Stored data
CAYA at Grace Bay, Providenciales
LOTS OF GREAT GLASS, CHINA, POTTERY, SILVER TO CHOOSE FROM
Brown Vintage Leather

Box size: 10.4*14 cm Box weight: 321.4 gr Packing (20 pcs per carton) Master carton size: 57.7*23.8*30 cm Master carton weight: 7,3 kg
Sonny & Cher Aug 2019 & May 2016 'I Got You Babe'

---

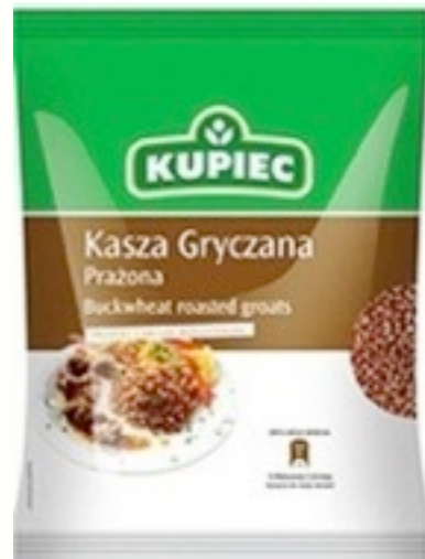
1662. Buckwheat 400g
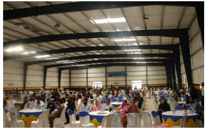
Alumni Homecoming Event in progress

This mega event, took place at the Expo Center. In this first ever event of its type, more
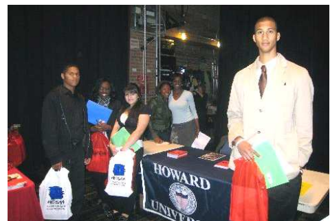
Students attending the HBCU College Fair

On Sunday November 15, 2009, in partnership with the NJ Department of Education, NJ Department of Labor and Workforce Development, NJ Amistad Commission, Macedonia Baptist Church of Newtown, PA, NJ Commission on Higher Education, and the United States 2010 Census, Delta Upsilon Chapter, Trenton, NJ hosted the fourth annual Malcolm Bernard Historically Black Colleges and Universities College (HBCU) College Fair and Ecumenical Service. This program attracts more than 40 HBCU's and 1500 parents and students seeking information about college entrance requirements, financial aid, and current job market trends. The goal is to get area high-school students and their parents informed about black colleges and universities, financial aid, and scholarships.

> **Exercise objective**: When you reach the line containing "CAYA at Grace Bay, Providenciales" in the data above, start copying exactly, and stop after the line containing "Sonny & Cher".

> **Task response**:
CAYA at Grace Bay, Providenciales
LOTS OF GREAT GLASS, CHINA, POTTERY, SILVER TO CHOOSE FROM
Brown Vintage Leather

Box size: 10.4*14 cm Box weight: 321.4 gr Packing (20 pcs per carton) Master carton size: 57.7*23.8*30 cm Master carton weight: 7,3 kg
Sonny & Cher Aug 2019 & May 2016 'I Got You Babe'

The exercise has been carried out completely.